Quem sabe residam nesses fatos a explicação do coração ter sido transformado em repositório e gerador de tantas conotações psicológicas. Serviu e continua servindo de apelo universal aos poetas, aos dramaturgos, aos amantes e cronistas de todos os tempos. Nele concentra-se a idéia dos valores humanos: do amor, da bondade, da amizade, da virtude, da resignação, da pureza, da verdade, da gratidão, ou dos seus contrários: menosprezo, depreciação, ódio, indiferença, ingratidão. Fernando Pessoa tem um poema onde exalta a complexidade do órgão: “... E assim nas calas de roda gira, a enfrentar a razão/ Esse comboio de cordas. Que se chama coração”.
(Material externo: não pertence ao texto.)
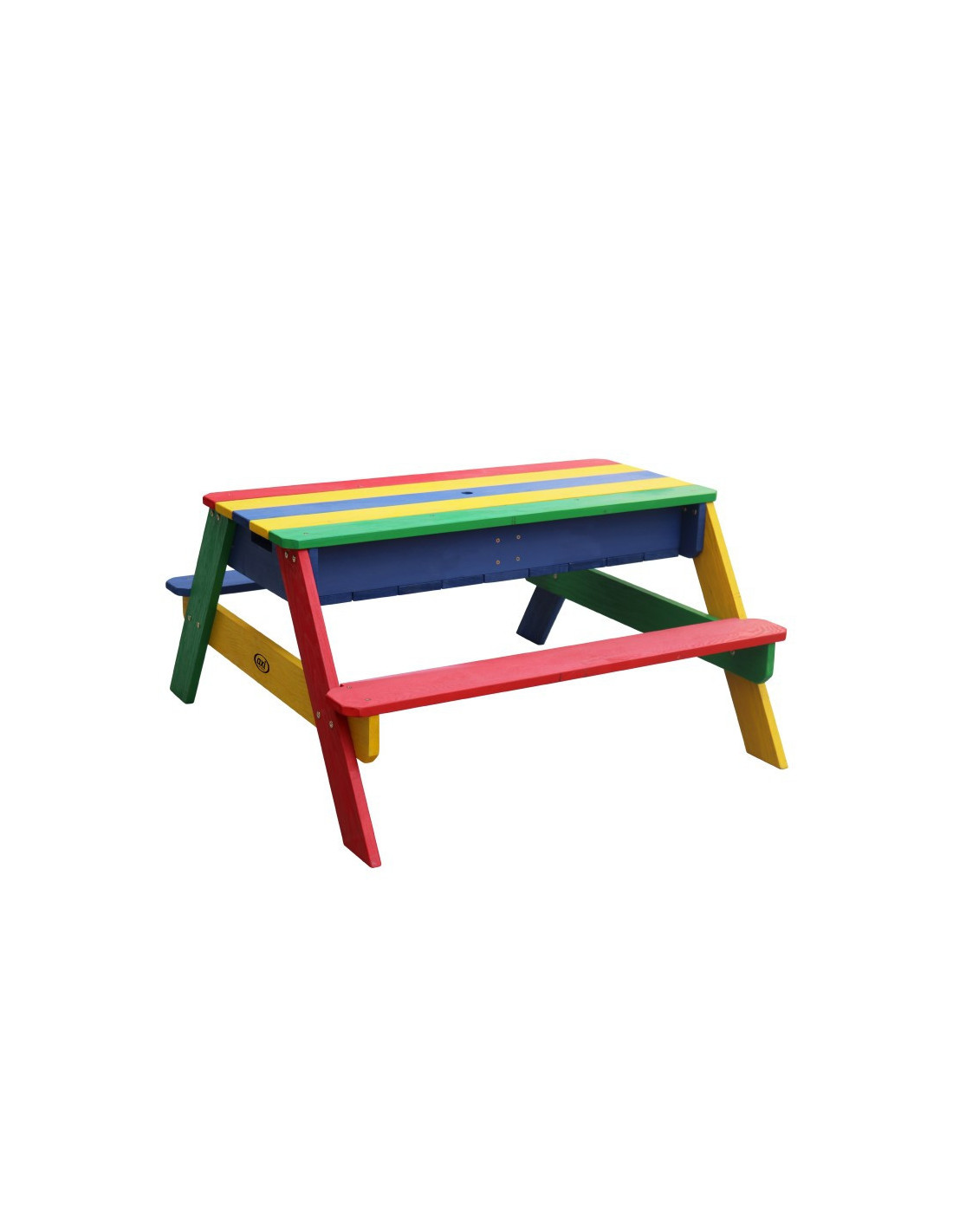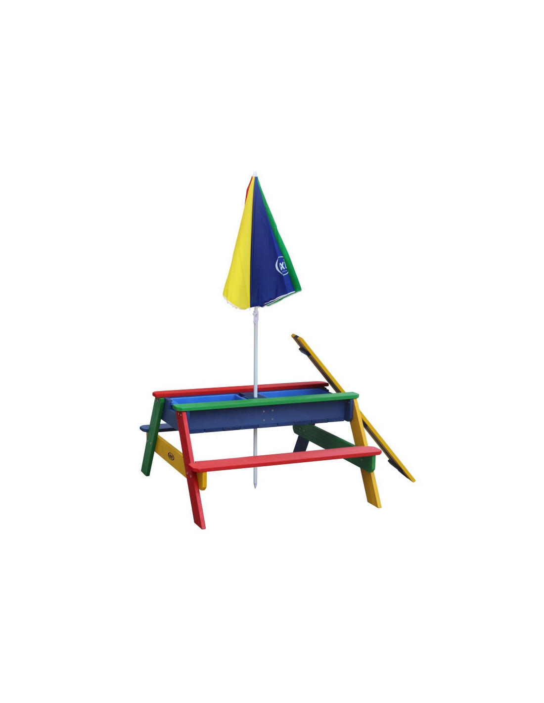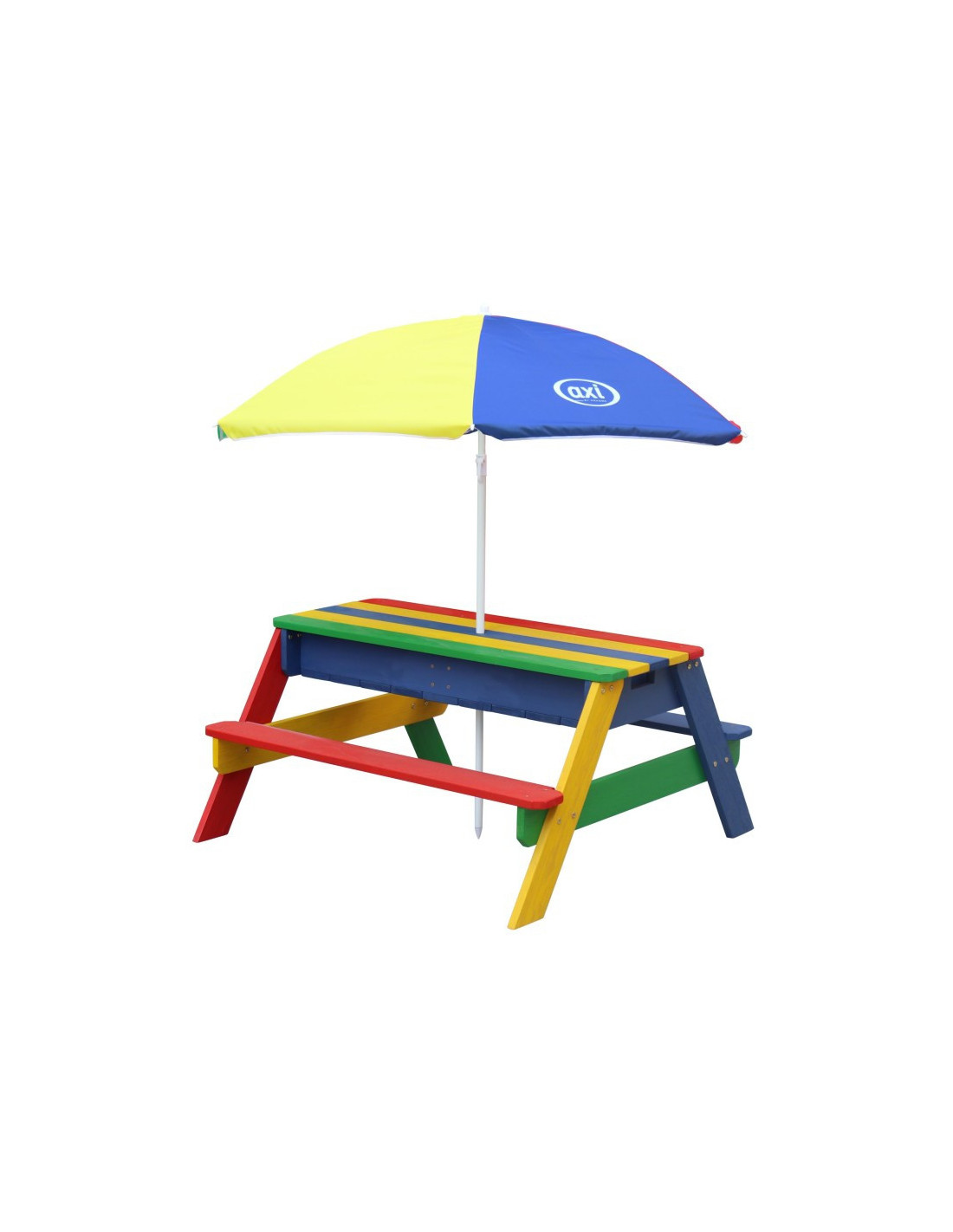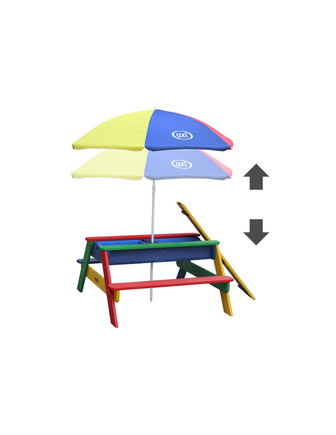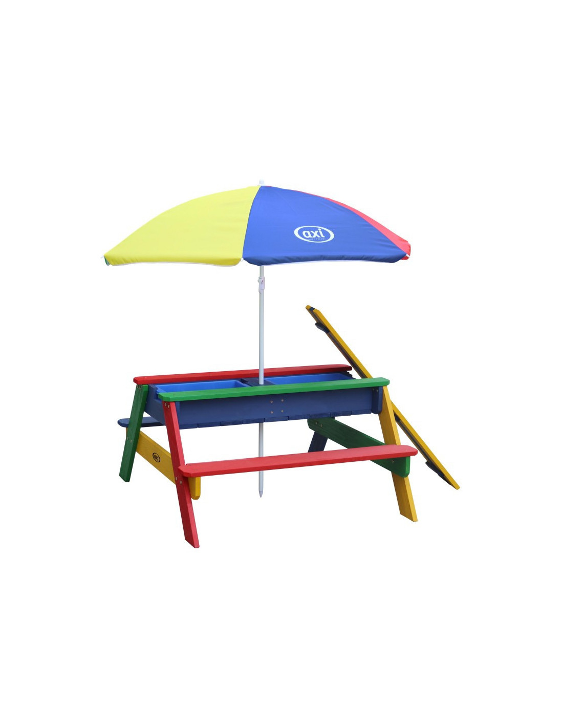 The Axi picnic bench with table will bring your children lots of joy. This multifunctional garden furniture piece transforms into a sandbox or water table by removing the tabletop. An umbrella can be attached to the table to protect children from the sun. Children love the table for its rainbow colors.

Pobre coração que se contorce nas coronárias dos dissabores da vida criados |
pelos conflitos interpessoais e intrapsíquicos... Os males da civilização nele se concentram. “É no coração que residem o princípio e o fim de todas as coisas” – assegurava Tolstói. Partem dele todas as atitudes, a direção dos comportamentos, a elaboração do destino. Sim! A partir do que representa para o indivíduo estrutura-se o seu destino. Todos os comportamentos sociais estão por ele, direta ou indiretamente afetados, pois nele concentra-se a afetividade. “O coração tem suas razões que a própria razão desconhece” (Pascal). É muita responsabilidade para um órgão só. Que peso extraordinário! Nem sei como agüenta... Daí a freqüência das patologias. Muitas vezes não suporta mesmo. Entra em fibrilações e pára. A alma se desprende e parte. Ariosto já se resignava dizendo que a gente vê o rosto, ouve o raciocínio do outro, mas “dentro do peito mal se pode julgar”. Só a partir de dentro do coração pode-se compreender a linguagem e decifrá-la. Quando um Renan Calheiros diz “sou inocente!”, ninguém sabe se ele, por dentro, ri ou chora. Mas, na verdade mente.
Mesmos os corações mais empedernidos um dia vão se abrir, nem que seja perante no dia do Juízo. Melhor fazê-lo em vida, aqui na terra, para que a Justiça nos seja leve quando do ajuste de contas. Só merece perdão quem se arrepende desde a profundeza da alma. “Um coração não se vende e não se compra, dá-se”, como disse Flaubert. Não é objeto de transação comercial, nem do poder. É símbolo da vida e do afeto. Mantenha-o aberto.